What is needed:
Any picture must be dropped, but each line of the data should be duplicated exactly.

Material provided:
_____
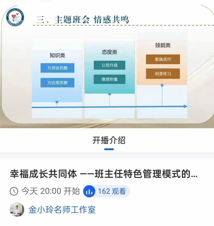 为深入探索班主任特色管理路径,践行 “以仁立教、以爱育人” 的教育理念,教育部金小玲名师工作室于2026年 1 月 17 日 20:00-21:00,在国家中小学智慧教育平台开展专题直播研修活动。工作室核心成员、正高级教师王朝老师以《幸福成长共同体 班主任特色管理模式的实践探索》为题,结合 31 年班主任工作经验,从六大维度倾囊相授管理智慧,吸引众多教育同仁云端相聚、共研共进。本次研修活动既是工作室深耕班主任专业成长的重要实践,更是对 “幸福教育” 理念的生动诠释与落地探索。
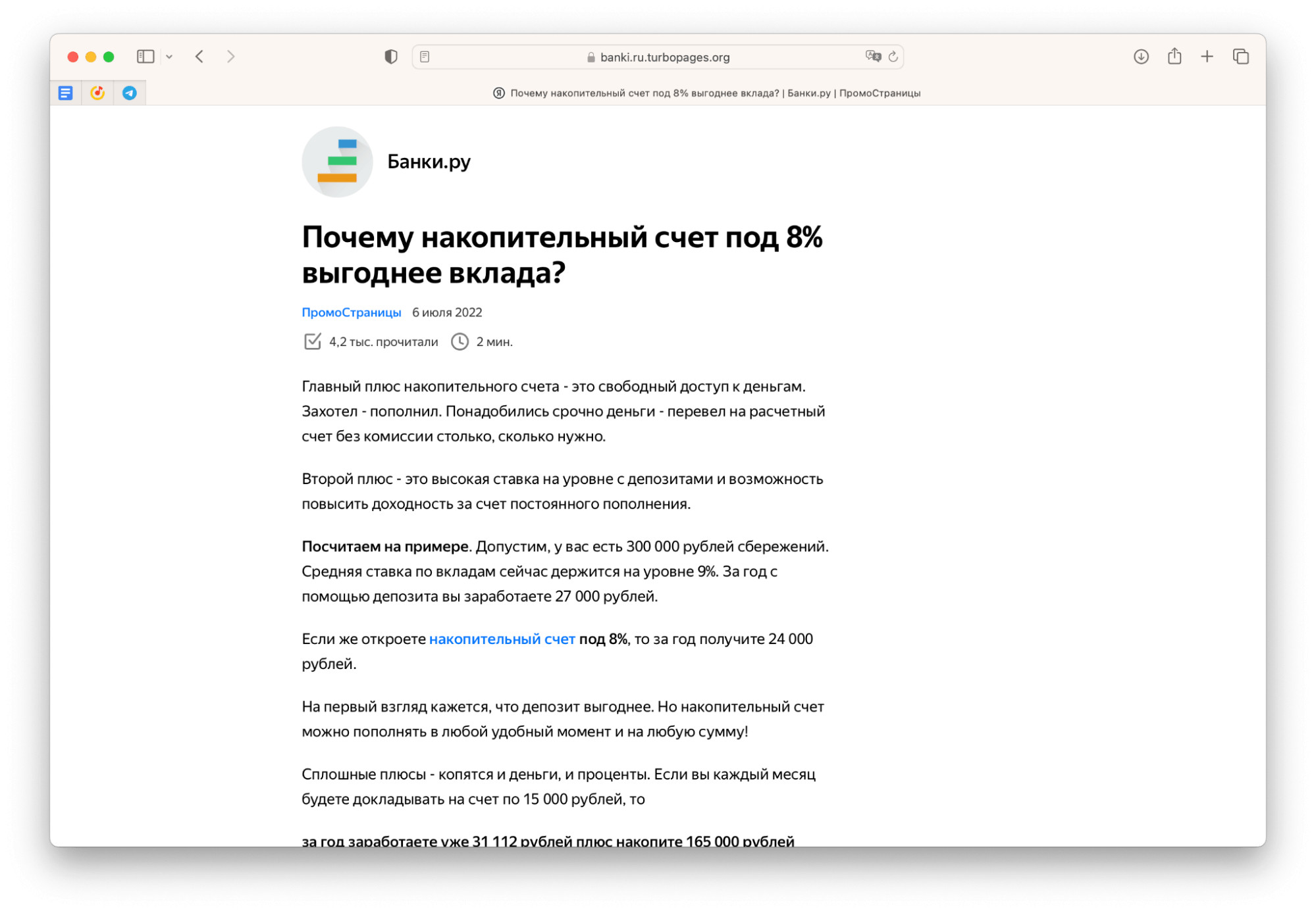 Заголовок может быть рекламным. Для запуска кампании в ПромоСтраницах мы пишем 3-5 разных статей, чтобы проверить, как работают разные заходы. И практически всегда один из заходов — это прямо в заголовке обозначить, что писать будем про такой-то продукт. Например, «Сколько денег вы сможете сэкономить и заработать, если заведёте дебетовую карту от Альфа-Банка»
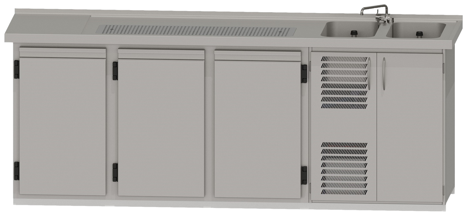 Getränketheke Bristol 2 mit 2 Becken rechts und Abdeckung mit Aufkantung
_____
Written response:
 为深入探索班主任特色管理路径,践行 “以仁立教、以爱育人” 的教育理念,教育部金小玲名师工作室于2026年 1 月 17 日 20:00-21:00,在国家中小学智慧教育平台开展专题直播研修活动。工作室核心成员、正高级教师王朝老师以《幸福成长共同体 班主任特色管理模式的实践探索》为题,结合 31 年班主任工作经验,从六大维度倾囊相授管理智慧,吸引众多教育同仁云端相聚、共研共进。本次研修活动既是工作室深耕班主任专业成长的重要实践,更是对 “幸福教育” 理念的生动诠释与落地探索。
 Заголовок может быть рекламным. Для запуска кампании в ПромоСтраницах мы пишем 3-5 разных статей, чтобы проверить, как работают разные заходы. И практически всегда один из заходов — это прямо в заголовке обозначить, что писать будем про такой-то продукт. Например, «Сколько денег вы сможете сэкономить и заработать, если заведёте дебетовую карту от Альфа-Банка»
 Getränketheke Bristol 2 mit 2 Becken rechts und Abdeckung mit Aufkantung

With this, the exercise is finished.